Publication information
- Publisher: Dynamite Entertainment
- Schedule: Bi-monthly
- Format: Limited series
- Genre: Superhero;
- Publication date: September 6, 2013 – April 7, 2014
- No. of issues: 5
- Main character(s): Dale Arden Flash Gordon Lothar Mandrake the Magician The Phantom Professor Zarkov

Creative team
- Written by: Jeff Parker
- Artist(s): Marc Laming
- Letterer(s): Simon Bowland
- Colorist(s): Jordan Boyd

Collected editions
- Kings Watch: ISBN 1606904868

= Kings Watch =

Comic book series

Kings Watch is a bi-monthly comic book limited series written by Jeff Parker and drawn by Marc Laming.
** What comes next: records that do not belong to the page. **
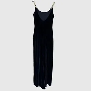Dazzle in this stunning midnight blue velour maxi dress, a vintage-inspired silhouette that exudes timeless Hollywood glamour. The sleek, form-fitting cut with jeweled chain-link straps glides over your figure, creating a sophisticated and head-turning look perfect for any formal event.
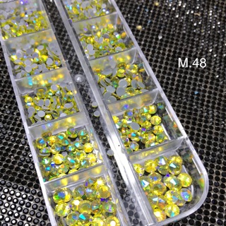 Đá khay chân keo mix size cao cấp 16 khía, siêu sáng, không bong chân - khay 1440v màu trà mã 48
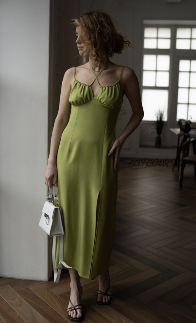 Выкройка сарафана малого объема, прилегающего силуэта. Верхняя часть с отрезным верхом на подкладке. По верхнему краю лифа кулиска, в которую продеты длинные бретели, которые формируют сборку. Бретель скрещивается по центру и завязывается на шее. Нижняя деталь переда и спинка с талиевыми вытачками. В рельефе по левой стороне переда обработан разрез. Застежка на потайную молнию. Верхний срез спинки обработан обтачкой.
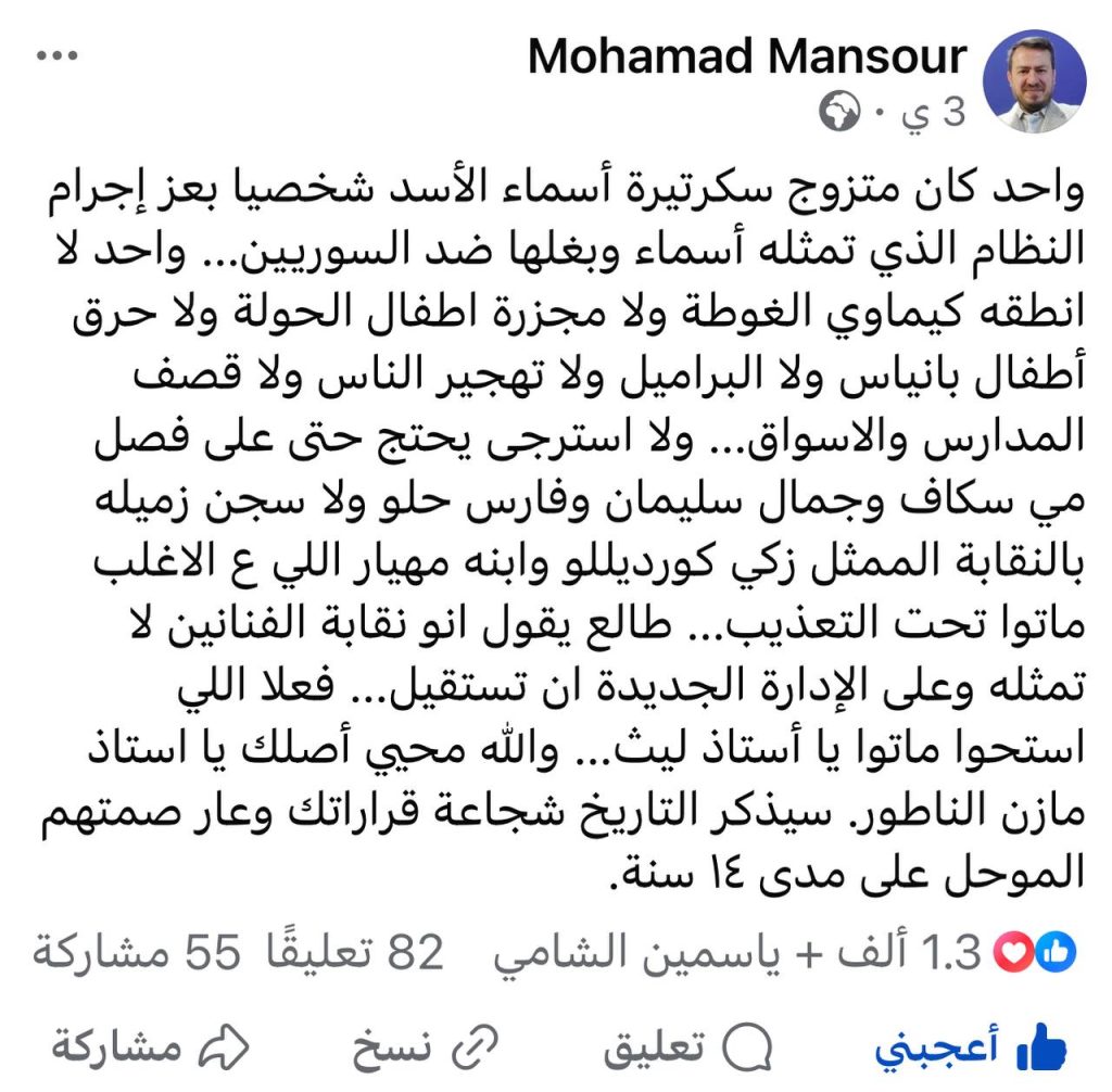 من جهته، كان حجو قد أعرب عن اعتراضه على قرار نقابة الفنانين بشطب عضوية سلاف فواخرجي، معتبرًا أن النقابة “لا تمثله” وأن إدارتها الحالية “يجب أن تستقيل”.
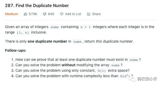 这题还有个应用,就是找一个特定数组里重复的数字,这里就不展开了,大家感兴趣的去做一下吧~
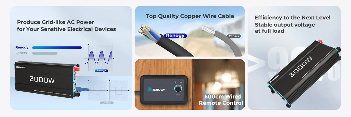 Potenza stabile e pulita per tutta la tua attrezzatura. L’onda sinusoidale pura assicura un’alimentazione sicura per dispositivi sensibili come laptop, CPAP e apparecchi elettronici di precisione, mentre la potenza di 3000W gestisce senza sforzo carichi pesanti e picchi di avviamento. Con il passaggio automatico tipo UPS e il controllo remoto cablato, hai energia affidabile e continua nel tuo caravan o sistema off-grid.
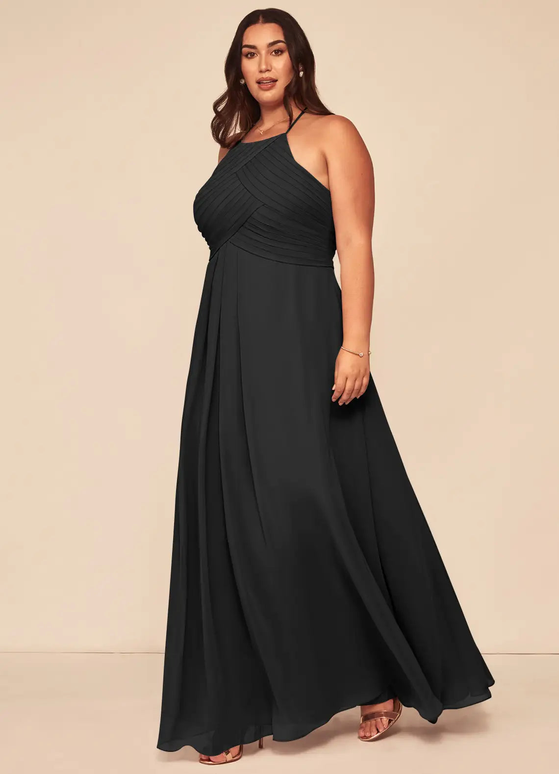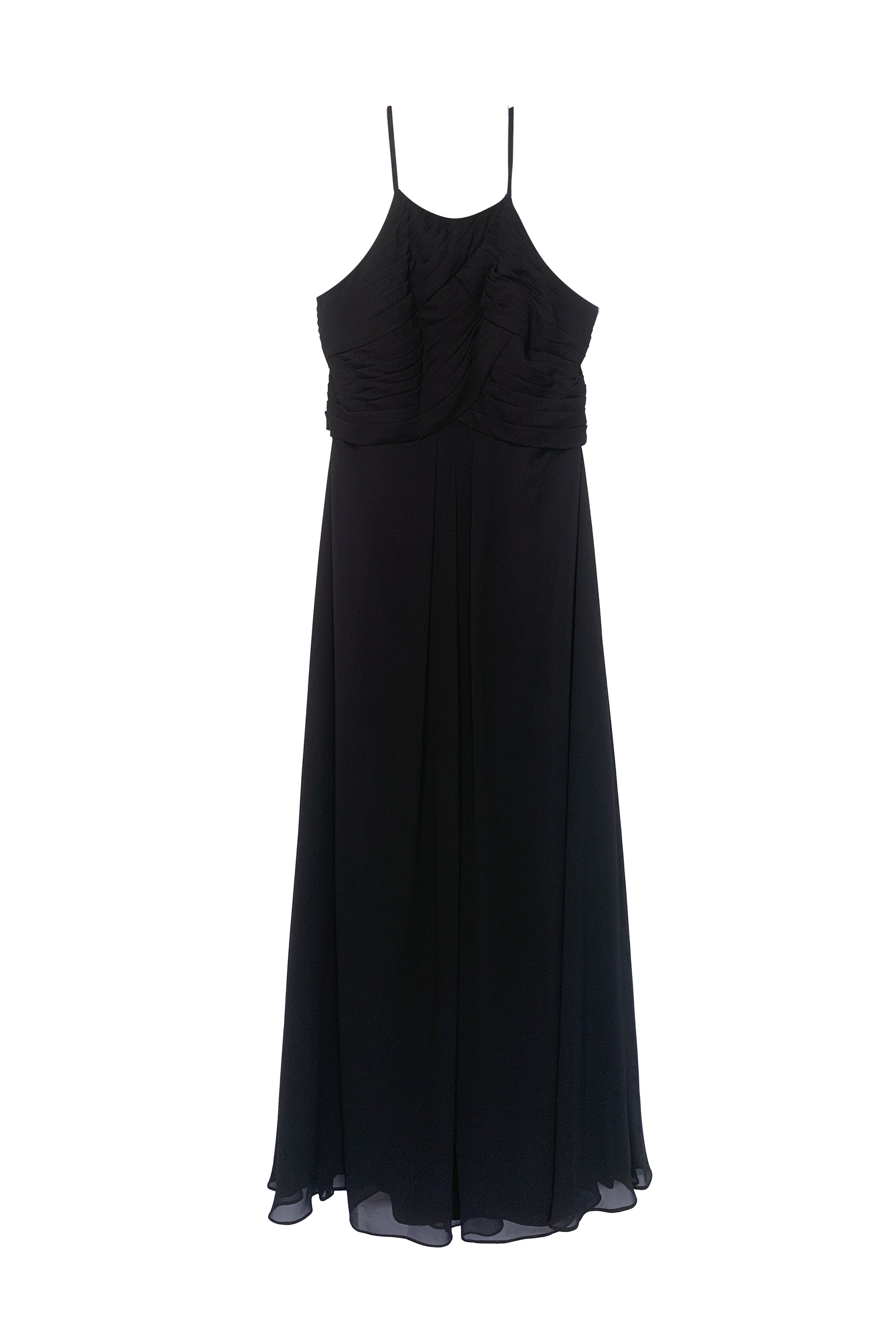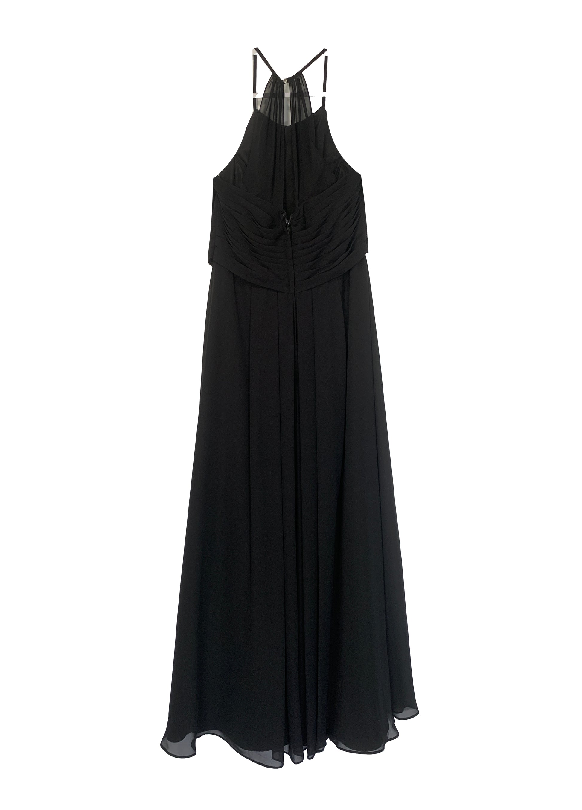 High neck halter draped, pleated bodice with inset padding, spaghetti straps, semi-open back, a-line skirt, pleating at front waist, gathers at back.
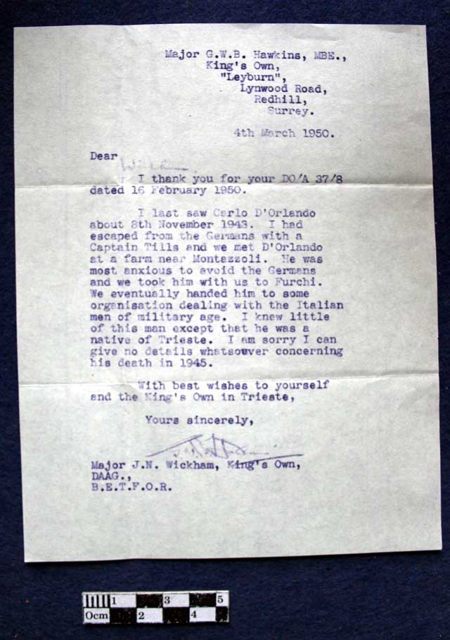 Trieste Force) dated 4 Mar 1950, concerning Carlo D’Orlando, who Hawkins
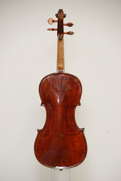 入荷した楽器は、オープンして内部の剥がれ、割れ等を徹底的に直し た後、必要に応じてバスバー等の交換、ネックの幅、厚み角度等を確認してからの指板の交換、糸巻穴の穴埋め、ニスのレタッチ等を行い、駒、魂柱、弦巻き等を交換 しています。その結果、すべて新作とほとんど変わらない使用感と安定性が望めます。特に19世紀Mittenwaldの Neuner&HornsteinerやBadderなどは、完全手工品で材料が良質、音の良い物が多いですが、内部の造りが雑なので、必ずオー プンして細部を修正する必要があります。一般に出回っている物では、コストの面からここまで徹底してレストアしてある場合は少ないと思われます。
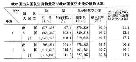 我が国出入国航空貨物量及び我が国航空企業の積取比率
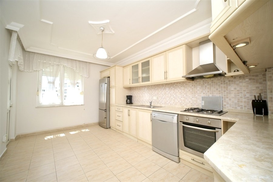 Denne særlige lejlighed er ideel både til helårsbeboelse og som investeringsmulighed og hører til blandt de få boliger i Alanya centrum, der tilbyder et fuldt indflytningsklart liv.
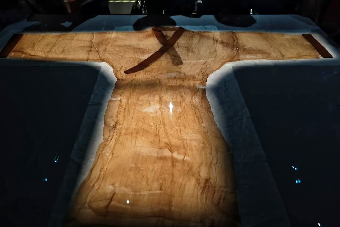 马王堆汉墓展区堪称震撼。千年不腐的辛追夫人遗体引得众人惊叹古人防腐奇术,其身旁随葬的华美丝织品、精致漆器、神秘帛画,打开通往西汉贵族生活的大门。薄如蝉翼的素纱襌衣,轻若烟雾,映射彼时纺织绝技;色彩明艳、构图奇幻的 T 型帛画,以浪漫笔触勾勒天界、人间、地府,展现古人对生死、宇宙独特认知。
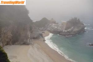 Das Wetter ist hier richtig zwei geteilt. Bei Leggett schien noch die Sonne, aber sobald wir über die Hügel zum Meer kamen, war es bewölkt und ziemlich kalt. Man sah teilweise am Rand der Berge den blauen Himmel dahinter, aber am Highway war’s dauernd grau. Deshalb freuten wir uns, dass an diesem Tag noch die Sonne hervor kam.

It was published by Dynamite Entertainment from September 6, 2013 to April 7, 2014. It is a crossover featuring Flash Gordon, the Phantom, and Mandrake the Magician from King Features Syndicate. The trade paperback edition was released on August 13, 2014.

== Premise ==
When strange phenomena fill the skies and all humanity shares a similar vision, Flash Gordon, the Phantom, and Mandrake the Magician join forces to face a threat that is related to the Cult of the Cobra.

== Sequel ==
A sequel titled Kings Quest was released from May to September 2016.